Exciting! Glad it went well. Do you get a big influx of readers after each speech?
And in future, the only advice that comes to mind is: if you're wearing a wireless mic, do not make a last minute trip to go potty before getting on stage.
I think those students are very lucky to have you as a speaker. I just hope none of them read your blog BEFORE you spoke as it would be very distracting. "Will she? Won't she" Would love a video, or at least a transcript!

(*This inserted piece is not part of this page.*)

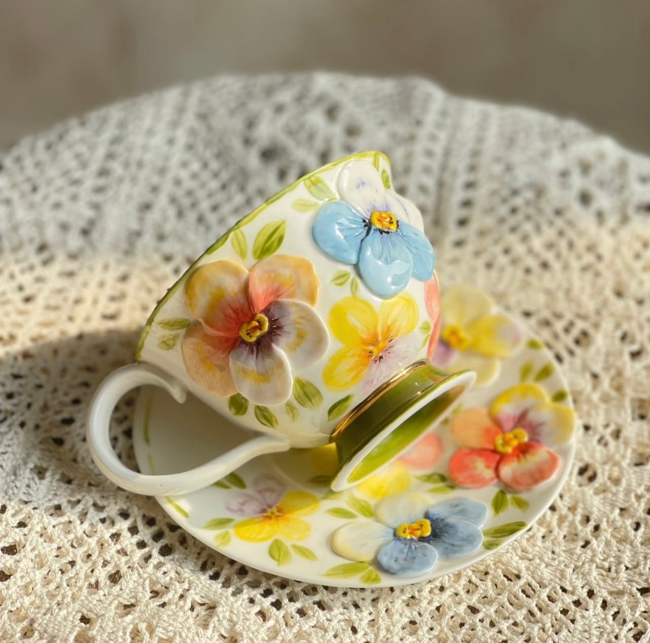 **”3D Pansy Artisan Tea Cup (Pre-Order) – Handcrafted Blooms Shipping in 3 Days”**

I'm sure it went well--and you held in all your hot air until you left the building!
Fennel seeds, quick, run out and get some...I saw it on DR. OZ, and it works.
In fact I had a funny convo about it this morning, must have been fate that I saw your post on Buttons sidebar.
Jen
Woohoo! What gig. Bet you slayed them even without the whoopee cushion. Burritos on the menu today?
you'll be fine! You've done so well with your blog over the years, nice to catch up with you Pearl!
It's not easy to keep the gas in its proper place, especially after a certain age and in certain activities, such as standing up and walking. And standing around.
Glad all went well, and good for you.
I never for a moment imagined that it could be anything other than "fine." Well done!
Funny post. Funny comments! The pun/one from Rose that said "would've been a bummer" was great. Bummer. hehe. We would have suggested that you just bring along a dog and then blame it on him/her. That's what happens at our place.
Smooches from pooches,
BabyRocketDog & Hootie
Glad it went well and I wish I could have heard you. Lucky students.
You are young enough to have some control of your gas. Just wait. You will be in the lecture circuit soon. Have fun.
Hopefully it was a "gas-gas-gas," in the words of Mick Jagger. ;)
Pearl... thank you for the laugh ;-)
Glad to hear it went along with any "issues!" And it least you got lost on the way OUT of the parking lot instead of in.
I can't wait to hear how it went. I'm sure you were brilliant. and the gas...pretend it is yoga class where everybody expects it!
Oh good! Glad it went well. and you found your way home, too, so bonus points!
Haha! You crack me up!
So glad to hear all went well.
Trust me, plastic pants are worse than corduroys if you're concerned about making too much noise when you walk. Sure, they'll keep in any embarrassing moisture, but that terrible swish! swish! swish! brings nothing but unwanted attention.
So, was the lack of Beano a problem? Or is that the statement you wanted to make (what happens when you do not have beano)?
There's just something very endearing about a lovely, accomplished woman poking through her purse for Beano.
I am thrilled (and unsurprised) to hear that it went well.
You're speaking to a Creative Writing Class? What a coincidence! I've just signed up to take a Creative Writing Class.
I didn't know corduroy pants still existed.
You're wise to avoid the bean burrito and without it, you should be fine, Just don't gulp your coffee.
And was it? (Fine.)
Thanks for visiting my blog and commenting.
Your post made me laugh :)
I don't suppose a transcript is available? Or, better still, a recording? I'm serious.
And there is the additional worry of the elasticized rubber pants . . . inflating. Now that's a picture!